Hat das Amtsgericht es in verfahrenswidriger Weise unterlassen, in einem Betreuungsverfahren für den Betroffenen einen Verfahrenspfleger zu bestellen, und hat es demgemäß den Betroffenen ohne Verfahrenspfleger angehört, so hat das Landgericht den Betroffenen erneut anzuhören und dem – nunmehr von ihm bestellten – Verfahrenspfleger Gelegenheit zu geben, an der Anhörung teilzunehmen[1].

Nach der Rechtsprechung des Bundesgerichtshofs räumt § 68 Abs. 3 Satz 2 FamFG dem Beschwerdegericht zwar die Möglichkeit ein, von einer erneuten Anhörung des Betroffenen abzusehen, etwa wenn die erstinstanzliche Anhörung des Betroffenen nur kurze Zeit zurückliegt, sich nach dem Akteninhalt keine neuen entscheidungserheblichen Tatsachen oder rechtlichen Gesichtspunkte ergeben, das Beschwerdegericht das in den Akten dokumentierte Ergebnis der erstinstanzlichen Anhörung nicht abweichend werten will und es auf den persönlichen Eindruck des Gerichts von dem Betroffenen nicht ankommt. Zieht das Beschwerdegericht für seine Entscheidung dagegen eine neue Tatsachengrundlage heran, die nach der amtsgerichtlichen Entscheidung datiert, gebietet dies eine erneute persönliche Anhörung des Betroffenen. Zudem kann im Beschwerdeverfahren nicht von einer Wiederholung solcher Verfahrenshandlungen abgesehen werden, bei denen das Gericht des ersten Rechtszugs zwingende Verfahrensvorschriften verletzt hat. In diesem Fall muss das Beschwerdegericht, vorbehaltlich der Möglichkeiten nach § 69 Abs. 1 Satz 2 und 3 FamFG, den betreffenden Teil des Verfahrens nachholen[2].

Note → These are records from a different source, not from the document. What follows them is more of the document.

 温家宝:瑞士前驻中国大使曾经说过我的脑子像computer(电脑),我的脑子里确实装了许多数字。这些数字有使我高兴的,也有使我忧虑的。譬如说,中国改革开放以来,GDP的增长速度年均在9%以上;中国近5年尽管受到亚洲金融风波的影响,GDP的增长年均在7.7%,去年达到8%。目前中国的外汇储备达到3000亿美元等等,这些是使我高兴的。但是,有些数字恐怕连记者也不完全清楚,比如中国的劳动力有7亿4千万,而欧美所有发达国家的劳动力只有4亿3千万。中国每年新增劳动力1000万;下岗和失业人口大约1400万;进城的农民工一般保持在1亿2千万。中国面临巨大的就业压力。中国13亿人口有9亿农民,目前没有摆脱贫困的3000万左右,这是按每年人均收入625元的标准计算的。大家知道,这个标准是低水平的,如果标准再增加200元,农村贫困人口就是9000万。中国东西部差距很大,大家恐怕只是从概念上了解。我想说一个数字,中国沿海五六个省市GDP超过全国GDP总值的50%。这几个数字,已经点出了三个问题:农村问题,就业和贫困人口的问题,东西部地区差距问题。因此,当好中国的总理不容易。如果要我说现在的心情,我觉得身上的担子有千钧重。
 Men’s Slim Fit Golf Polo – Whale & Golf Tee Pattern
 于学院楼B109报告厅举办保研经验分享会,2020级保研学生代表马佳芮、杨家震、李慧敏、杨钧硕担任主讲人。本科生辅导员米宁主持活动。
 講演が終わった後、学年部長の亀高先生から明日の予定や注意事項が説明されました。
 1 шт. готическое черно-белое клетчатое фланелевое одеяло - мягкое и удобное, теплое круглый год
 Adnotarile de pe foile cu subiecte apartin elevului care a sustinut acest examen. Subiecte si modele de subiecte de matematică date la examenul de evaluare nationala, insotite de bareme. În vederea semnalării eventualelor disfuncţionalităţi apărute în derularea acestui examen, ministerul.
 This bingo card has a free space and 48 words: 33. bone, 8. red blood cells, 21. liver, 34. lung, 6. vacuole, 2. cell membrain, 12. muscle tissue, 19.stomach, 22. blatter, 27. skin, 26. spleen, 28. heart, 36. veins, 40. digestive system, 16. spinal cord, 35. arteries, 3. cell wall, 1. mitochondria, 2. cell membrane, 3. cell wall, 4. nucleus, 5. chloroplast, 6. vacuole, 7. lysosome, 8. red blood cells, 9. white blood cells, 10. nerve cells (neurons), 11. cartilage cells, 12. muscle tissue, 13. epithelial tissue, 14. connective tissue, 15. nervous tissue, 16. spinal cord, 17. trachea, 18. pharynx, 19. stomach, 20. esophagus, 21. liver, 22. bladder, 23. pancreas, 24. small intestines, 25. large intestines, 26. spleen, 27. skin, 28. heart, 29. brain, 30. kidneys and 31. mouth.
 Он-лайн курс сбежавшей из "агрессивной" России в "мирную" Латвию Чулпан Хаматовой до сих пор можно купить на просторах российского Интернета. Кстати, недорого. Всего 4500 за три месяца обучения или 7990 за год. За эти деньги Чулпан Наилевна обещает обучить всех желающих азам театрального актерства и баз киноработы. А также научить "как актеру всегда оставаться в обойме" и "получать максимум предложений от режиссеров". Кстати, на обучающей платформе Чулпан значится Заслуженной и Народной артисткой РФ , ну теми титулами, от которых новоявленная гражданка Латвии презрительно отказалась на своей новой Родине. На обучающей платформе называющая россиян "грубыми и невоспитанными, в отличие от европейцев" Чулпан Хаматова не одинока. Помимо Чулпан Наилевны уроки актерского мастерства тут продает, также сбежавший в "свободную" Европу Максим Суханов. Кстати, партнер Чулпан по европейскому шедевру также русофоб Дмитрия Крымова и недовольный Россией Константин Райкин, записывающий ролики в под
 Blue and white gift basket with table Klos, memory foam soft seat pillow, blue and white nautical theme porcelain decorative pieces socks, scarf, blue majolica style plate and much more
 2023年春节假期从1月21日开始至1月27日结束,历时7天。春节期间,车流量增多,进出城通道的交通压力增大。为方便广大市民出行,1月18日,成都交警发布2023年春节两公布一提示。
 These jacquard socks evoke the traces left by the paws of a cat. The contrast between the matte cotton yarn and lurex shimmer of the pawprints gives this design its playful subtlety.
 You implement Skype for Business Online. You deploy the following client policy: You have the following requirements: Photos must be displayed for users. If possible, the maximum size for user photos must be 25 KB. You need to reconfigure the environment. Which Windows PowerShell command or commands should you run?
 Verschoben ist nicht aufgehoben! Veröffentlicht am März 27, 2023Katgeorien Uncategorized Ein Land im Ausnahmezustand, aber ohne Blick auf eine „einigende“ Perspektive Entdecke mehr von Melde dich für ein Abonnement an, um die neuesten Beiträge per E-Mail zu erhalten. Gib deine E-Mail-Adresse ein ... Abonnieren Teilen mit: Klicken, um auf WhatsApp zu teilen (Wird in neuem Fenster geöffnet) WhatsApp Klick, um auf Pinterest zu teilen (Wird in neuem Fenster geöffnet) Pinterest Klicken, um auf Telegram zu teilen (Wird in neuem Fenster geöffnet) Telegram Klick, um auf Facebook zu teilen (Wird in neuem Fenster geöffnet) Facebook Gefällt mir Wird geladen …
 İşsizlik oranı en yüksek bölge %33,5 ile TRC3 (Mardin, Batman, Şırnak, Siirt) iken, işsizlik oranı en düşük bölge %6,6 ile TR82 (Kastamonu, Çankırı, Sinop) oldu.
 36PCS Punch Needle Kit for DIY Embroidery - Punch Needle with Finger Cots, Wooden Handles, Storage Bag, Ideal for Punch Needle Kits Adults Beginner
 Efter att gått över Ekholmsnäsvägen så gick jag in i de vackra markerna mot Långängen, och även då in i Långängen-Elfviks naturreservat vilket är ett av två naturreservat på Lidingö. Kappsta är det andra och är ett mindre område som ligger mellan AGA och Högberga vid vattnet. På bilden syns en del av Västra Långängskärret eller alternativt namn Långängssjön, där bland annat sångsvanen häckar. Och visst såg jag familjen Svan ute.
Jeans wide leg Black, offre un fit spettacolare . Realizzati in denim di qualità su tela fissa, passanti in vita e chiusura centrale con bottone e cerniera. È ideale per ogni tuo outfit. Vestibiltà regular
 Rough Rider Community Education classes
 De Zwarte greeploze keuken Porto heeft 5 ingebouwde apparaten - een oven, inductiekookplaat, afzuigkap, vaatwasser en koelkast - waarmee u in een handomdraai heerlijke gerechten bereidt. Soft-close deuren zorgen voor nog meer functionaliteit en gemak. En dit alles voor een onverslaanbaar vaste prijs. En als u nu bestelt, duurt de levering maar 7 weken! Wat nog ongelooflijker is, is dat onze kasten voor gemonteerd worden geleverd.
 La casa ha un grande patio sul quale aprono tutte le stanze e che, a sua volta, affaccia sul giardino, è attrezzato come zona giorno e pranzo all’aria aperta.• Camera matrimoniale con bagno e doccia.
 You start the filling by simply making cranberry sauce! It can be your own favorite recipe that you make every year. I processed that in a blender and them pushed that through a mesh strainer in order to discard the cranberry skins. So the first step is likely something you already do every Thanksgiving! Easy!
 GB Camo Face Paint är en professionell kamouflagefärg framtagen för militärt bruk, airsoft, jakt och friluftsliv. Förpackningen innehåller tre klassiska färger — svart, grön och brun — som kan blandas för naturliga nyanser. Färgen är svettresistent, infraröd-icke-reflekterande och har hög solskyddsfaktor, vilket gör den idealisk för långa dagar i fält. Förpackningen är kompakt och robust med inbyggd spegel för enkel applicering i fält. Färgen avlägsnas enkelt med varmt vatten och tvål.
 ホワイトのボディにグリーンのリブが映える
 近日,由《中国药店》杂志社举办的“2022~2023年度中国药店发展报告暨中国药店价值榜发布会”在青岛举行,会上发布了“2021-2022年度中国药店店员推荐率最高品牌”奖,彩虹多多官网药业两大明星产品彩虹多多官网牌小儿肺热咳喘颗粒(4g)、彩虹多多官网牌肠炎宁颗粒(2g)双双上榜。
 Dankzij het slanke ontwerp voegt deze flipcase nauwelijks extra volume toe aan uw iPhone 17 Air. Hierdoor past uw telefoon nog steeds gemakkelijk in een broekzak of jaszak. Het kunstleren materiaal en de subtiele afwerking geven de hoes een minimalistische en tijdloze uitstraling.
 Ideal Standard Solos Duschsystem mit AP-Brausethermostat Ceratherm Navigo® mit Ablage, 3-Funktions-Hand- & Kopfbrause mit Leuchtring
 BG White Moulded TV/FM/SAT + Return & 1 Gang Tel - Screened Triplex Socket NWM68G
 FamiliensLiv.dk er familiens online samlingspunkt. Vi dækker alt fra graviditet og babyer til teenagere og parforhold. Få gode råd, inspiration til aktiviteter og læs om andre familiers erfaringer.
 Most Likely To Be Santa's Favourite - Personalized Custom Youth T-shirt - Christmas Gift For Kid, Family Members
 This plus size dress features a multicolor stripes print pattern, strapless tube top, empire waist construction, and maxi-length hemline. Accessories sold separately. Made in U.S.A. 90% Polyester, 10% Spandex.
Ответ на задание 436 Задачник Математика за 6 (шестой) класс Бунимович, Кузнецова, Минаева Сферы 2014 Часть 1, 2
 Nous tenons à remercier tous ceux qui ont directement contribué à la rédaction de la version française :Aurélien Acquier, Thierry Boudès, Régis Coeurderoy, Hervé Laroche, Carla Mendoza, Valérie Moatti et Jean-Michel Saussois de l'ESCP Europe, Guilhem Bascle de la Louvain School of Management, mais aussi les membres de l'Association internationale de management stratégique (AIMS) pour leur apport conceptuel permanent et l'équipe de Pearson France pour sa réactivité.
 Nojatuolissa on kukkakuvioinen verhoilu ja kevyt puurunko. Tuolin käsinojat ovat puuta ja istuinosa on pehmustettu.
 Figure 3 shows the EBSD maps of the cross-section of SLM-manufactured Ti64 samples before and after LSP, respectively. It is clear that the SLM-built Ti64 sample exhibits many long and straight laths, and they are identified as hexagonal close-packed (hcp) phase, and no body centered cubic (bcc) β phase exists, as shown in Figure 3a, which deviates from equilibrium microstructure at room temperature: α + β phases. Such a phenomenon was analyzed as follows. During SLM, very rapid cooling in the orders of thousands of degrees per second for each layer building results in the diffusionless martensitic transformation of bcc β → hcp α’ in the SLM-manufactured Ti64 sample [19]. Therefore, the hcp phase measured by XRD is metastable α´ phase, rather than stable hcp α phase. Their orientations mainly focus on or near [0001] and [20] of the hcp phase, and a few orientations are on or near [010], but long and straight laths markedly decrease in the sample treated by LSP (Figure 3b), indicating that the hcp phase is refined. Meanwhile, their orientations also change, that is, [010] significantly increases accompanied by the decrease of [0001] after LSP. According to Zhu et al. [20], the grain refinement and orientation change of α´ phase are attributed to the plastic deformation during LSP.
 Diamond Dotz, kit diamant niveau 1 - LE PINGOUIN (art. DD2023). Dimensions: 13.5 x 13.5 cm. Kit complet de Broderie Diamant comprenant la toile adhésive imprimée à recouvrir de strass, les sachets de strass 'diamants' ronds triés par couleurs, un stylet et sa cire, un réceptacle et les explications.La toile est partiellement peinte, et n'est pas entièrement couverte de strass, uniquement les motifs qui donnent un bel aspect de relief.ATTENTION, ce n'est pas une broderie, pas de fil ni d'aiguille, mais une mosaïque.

Vorliegend hätte das Landgericht die Betroffene erneut anhören müssen, weil die Anhörung durch das Amtsgericht verfahrensfehlerhaft erfolgt ist. Denn es hat der Betroffenen keinen Verfahrenspfleger bestellt und dementsprechend die Betroffene ohne Verfahrenspfleger angehört.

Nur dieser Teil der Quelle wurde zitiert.